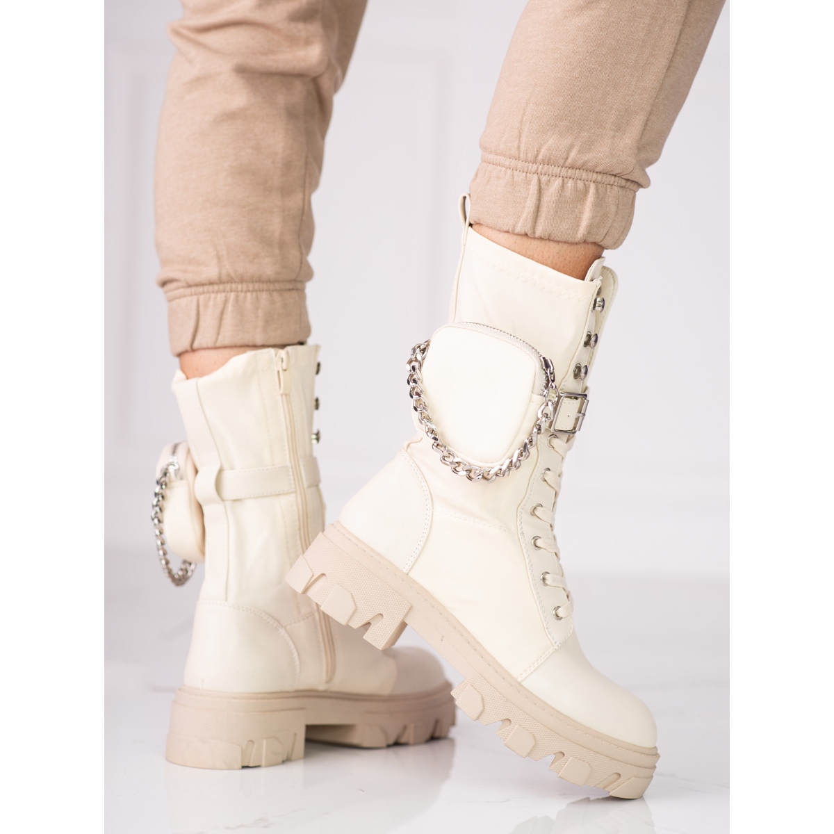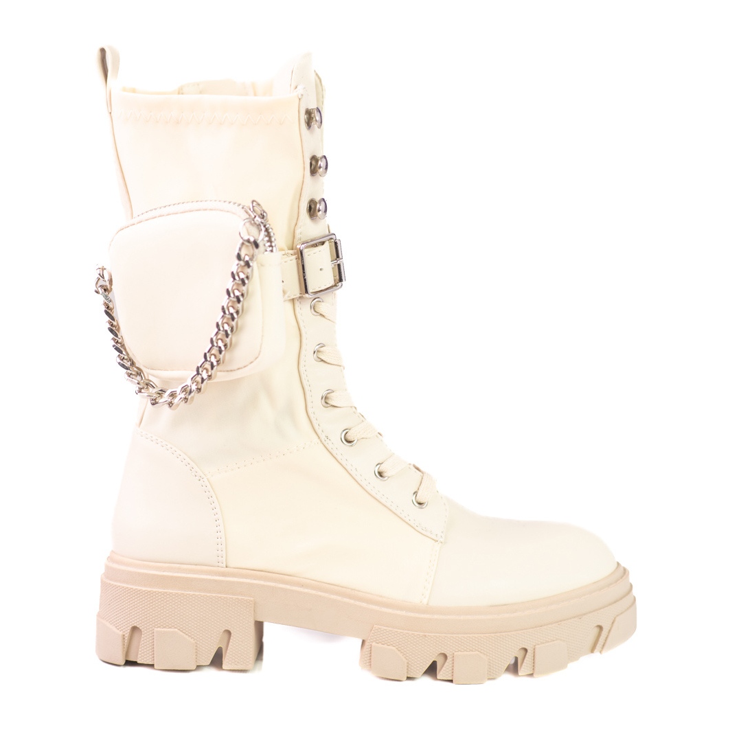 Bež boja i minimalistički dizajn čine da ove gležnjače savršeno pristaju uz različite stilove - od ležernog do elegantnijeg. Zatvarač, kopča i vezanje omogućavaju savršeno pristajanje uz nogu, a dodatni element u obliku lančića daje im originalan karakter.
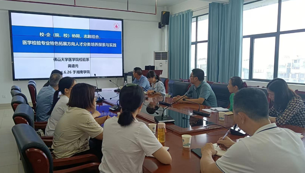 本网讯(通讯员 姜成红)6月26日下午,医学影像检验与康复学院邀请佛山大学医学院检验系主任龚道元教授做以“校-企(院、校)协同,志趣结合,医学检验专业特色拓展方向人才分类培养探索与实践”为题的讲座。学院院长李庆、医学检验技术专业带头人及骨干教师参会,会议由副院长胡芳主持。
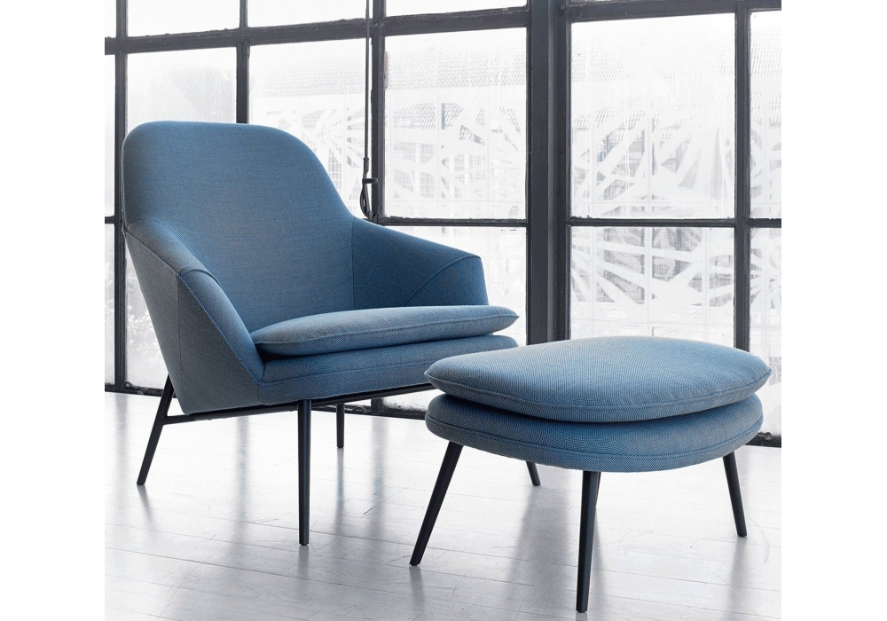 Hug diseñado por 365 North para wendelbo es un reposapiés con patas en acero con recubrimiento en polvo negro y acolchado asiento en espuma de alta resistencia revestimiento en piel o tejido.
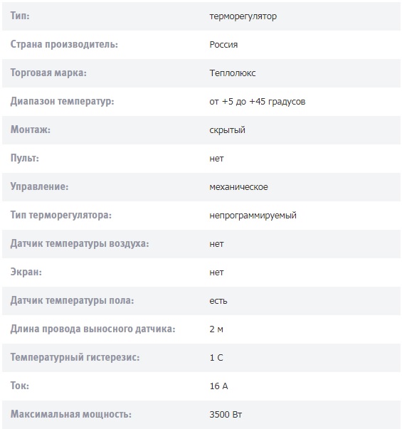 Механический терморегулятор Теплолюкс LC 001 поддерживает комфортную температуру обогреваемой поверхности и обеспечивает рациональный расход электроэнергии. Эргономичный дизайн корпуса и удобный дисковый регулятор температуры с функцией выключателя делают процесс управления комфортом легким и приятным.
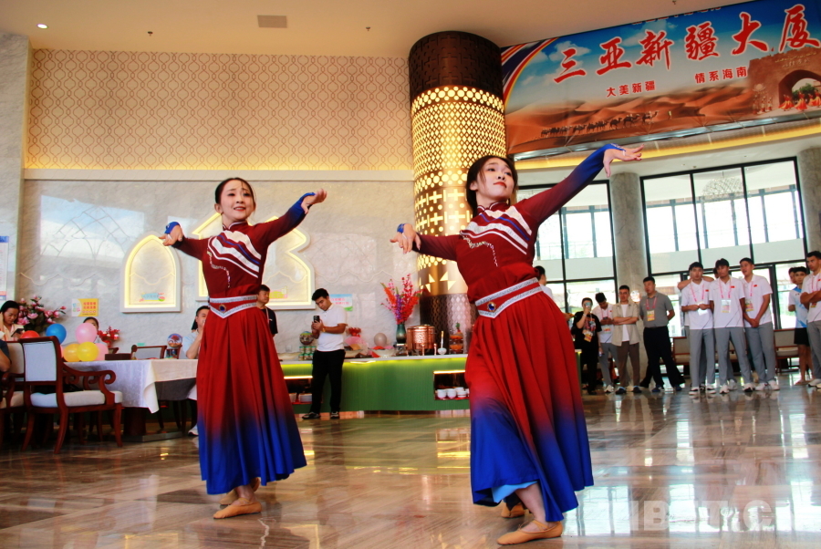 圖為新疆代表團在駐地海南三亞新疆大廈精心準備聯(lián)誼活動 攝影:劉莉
= = = = = = =
Give back, unaltered, each line of the listing from the first to the line that contains "本网讯(通讯员 姜成红)6月", leaving every picture out.

 Bež boja i minimalistički dizajn čine da ove gležnjače savršeno pristaju uz različite stilove - od ležernog do elegantnijeg. Zatvarač, kopča i vezanje omogućavaju savršeno pristajanje uz nogu, a dodatni element u obliku lančića daje im originalan karakter.
 本网讯(通讯员 姜成红)6月26日下午,医学影像检验与康复学院邀请佛山大学医学院检验系主任龚道元教授做以“校-企(院、校)协同,志趣结合,医学检验专业特色拓展方向人才分类培养探索与实践”为题的讲座。学院院长李庆、医学检验技术专业带头人及骨干教师参会,会议由副院长胡芳主持。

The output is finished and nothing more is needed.